**What is needed**
When the data below is printed, every line must match exactly and the images must be absent.

---------- Supplied information ----------

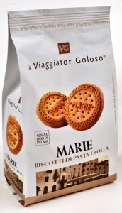 Viaggiator Goloso (marchio supermercati Unes), Marie biscotti di pasta frolla. Ingredienti: Farina di frumento (grano tenero tipo”0″), zucchero, burro, uova, albume d’uovo, latte scremato in polvere, estratto di malto d’orzo, agenti lievitanti: carbonato acido di ammonio-carbonato acido di sodio, sale, emulsionante: lecitina di soia, aromi naturali. |
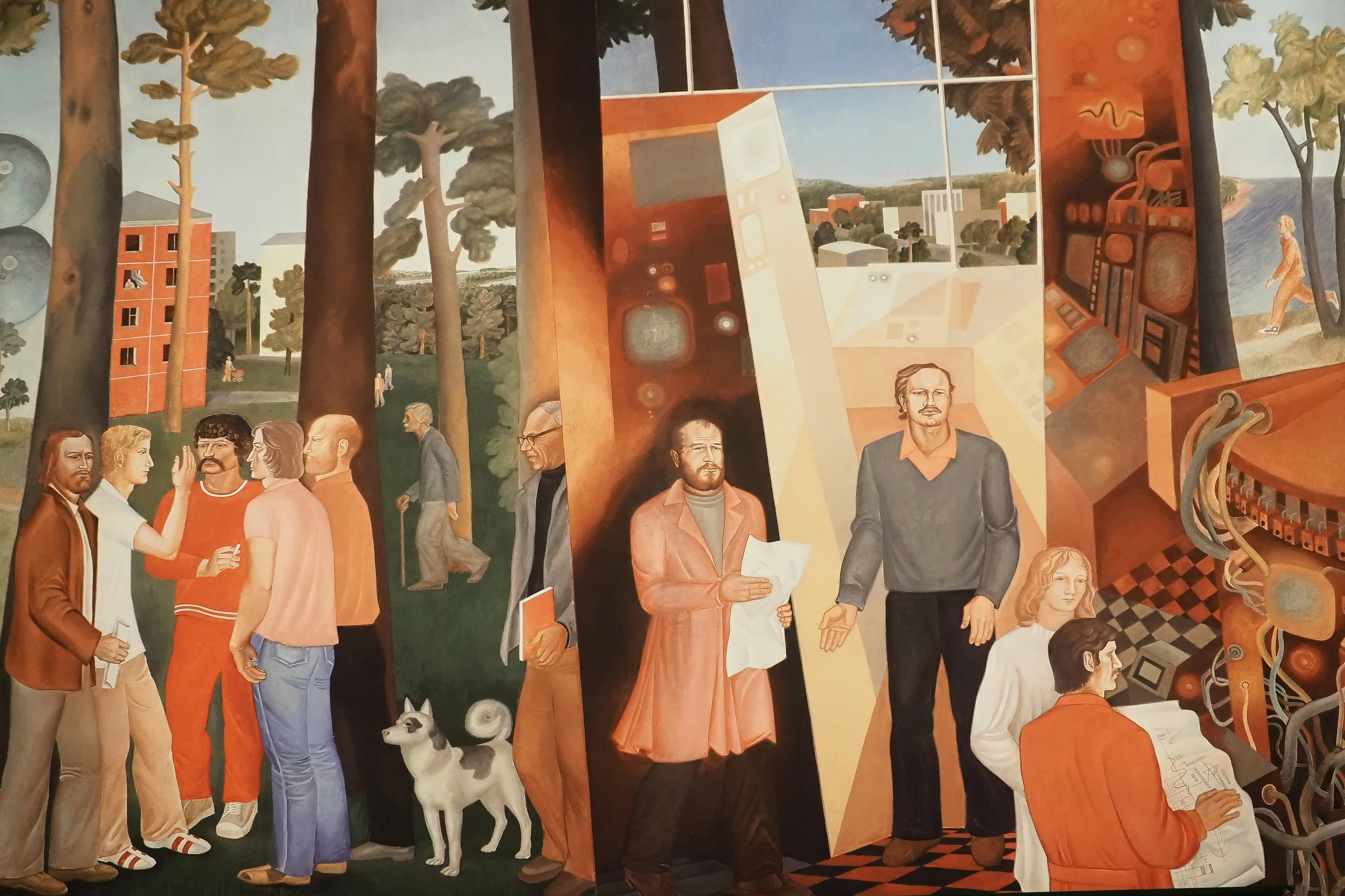 Научный прогресс влиял и на архитектуру, но параллельно с этим в стране шла борьба с архитектурными излишествами. Во втором зале экспозиции показано, как достигался компромисс. Например, в Москве это эскиз декоративного панно «Космос», «Полет в стратосферу», «Авиация» для Дворца пионеров и школьников на Воробьевых горах. Автором эскиза стал ученик Александра Дайнеки, выпускник отделения монументальной живописи Строгановского училища Алексей Губарев. А в провинции торцы безликих хрущевок украшают прообразами современных муралов. Тогда это были мозаичные панно. Например, на выставке можно увидеть эскиз монументальной росписи торца жилого дома «Человек и космос», выполненной Иваном Литовченко и Владимиром Прядко. Безусловно, в этом разделе невозможно обойти вниманием и первого космонавта Юрия Гагарина. Ему посвящена часть экспозиции второго зала. Например, фото встречи Юрия Алексеевича с коллективом первой в мире атомной электростанции в Обнинске и макет памятника Ю.А. Гагарину, установленного на площади Гагарина в Москве.
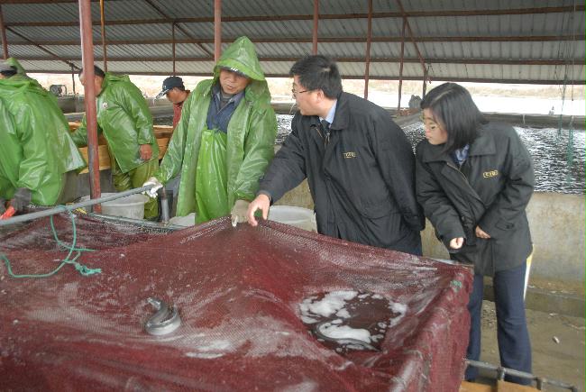 11月21日,盐城市出入境检验检疫局检查组到金东台农场检查出口水产品质量安全示范区日常监管工作。检查小组认真听取了质量安全示范区建设领导小组副组长、金东台农场场长任之华的汇报。随后,检查小组仔细察看了日常监管记录,并冒雨亲赴各塘口检查,悉心询问投入品使用情况以及具体的监管措施,通报了国家对投入品最新的监管要求,对个别细节问题提出了整改意见。最后,检查小组对日常监管整体工作表示满意,并指出,示范区的监管方式是行之有效的,通过规范、合理、严格的质量安全监管,示范区的放心农产品大大丰富了居民的菜篮子。

----------

**Completed task**
 Viaggiator Goloso (marchio supermercati Unes), Marie biscotti di pasta frolla. Ingredienti: Farina di frumento (grano tenero tipo”0″), zucchero, burro, uova, albume d’uovo, latte scremato in polvere, estratto di malto d’orzo, agenti lievitanti: carbonato acido di ammonio-carbonato acido di sodio, sale, emulsionante: lecitina di soia, aromi naturali. |
 Научный прогресс влиял и на архитектуру, но параллельно с этим в стране шла борьба с архитектурными излишествами. Во втором зале экспозиции показано, как достигался компромисс. Например, в Москве это эскиз декоративного панно «Космос», «Полет в стратосферу», «Авиация» для Дворца пионеров и школьников на Воробьевых горах. Автором эскиза стал ученик Александра Дайнеки, выпускник отделения монументальной живописи Строгановского училища Алексей Губарев. А в провинции торцы безликих хрущевок украшают прообразами современных муралов. Тогда это были мозаичные панно. Например, на выставке можно увидеть эскиз монументальной росписи торца жилого дома «Человек и космос», выполненной Иваном Литовченко и Владимиром Прядко. Безусловно, в этом разделе невозможно обойти вниманием и первого космонавта Юрия Гагарина. Ему посвящена часть экспозиции второго зала. Например, фото встречи Юрия Алексеевича с коллективом первой в мире атомной электростанции в Обнинске и макет памятника Ю.А. Гагарину, установленного на площади Гагарина в Москве.
 11月21日,盐城市出入境检验检疫局检查组到金东台农场检查出口水产品质量安全示范区日常监管工作。检查小组认真听取了质量安全示范区建设领导小组副组长、金东台农场场长任之华的汇报。随后,检查小组仔细察看了日常监管记录,并冒雨亲赴各塘口检查,悉心询问投入品使用情况以及具体的监管措施,通报了国家对投入品最新的监管要求,对个别细节问题提出了整改意见。最后,检查小组对日常监管整体工作表示满意,并指出,示范区的监管方式是行之有效的,通过规范、合理、严格的质量安全监管,示范区的放心农产品大大丰富了居民的菜篮子。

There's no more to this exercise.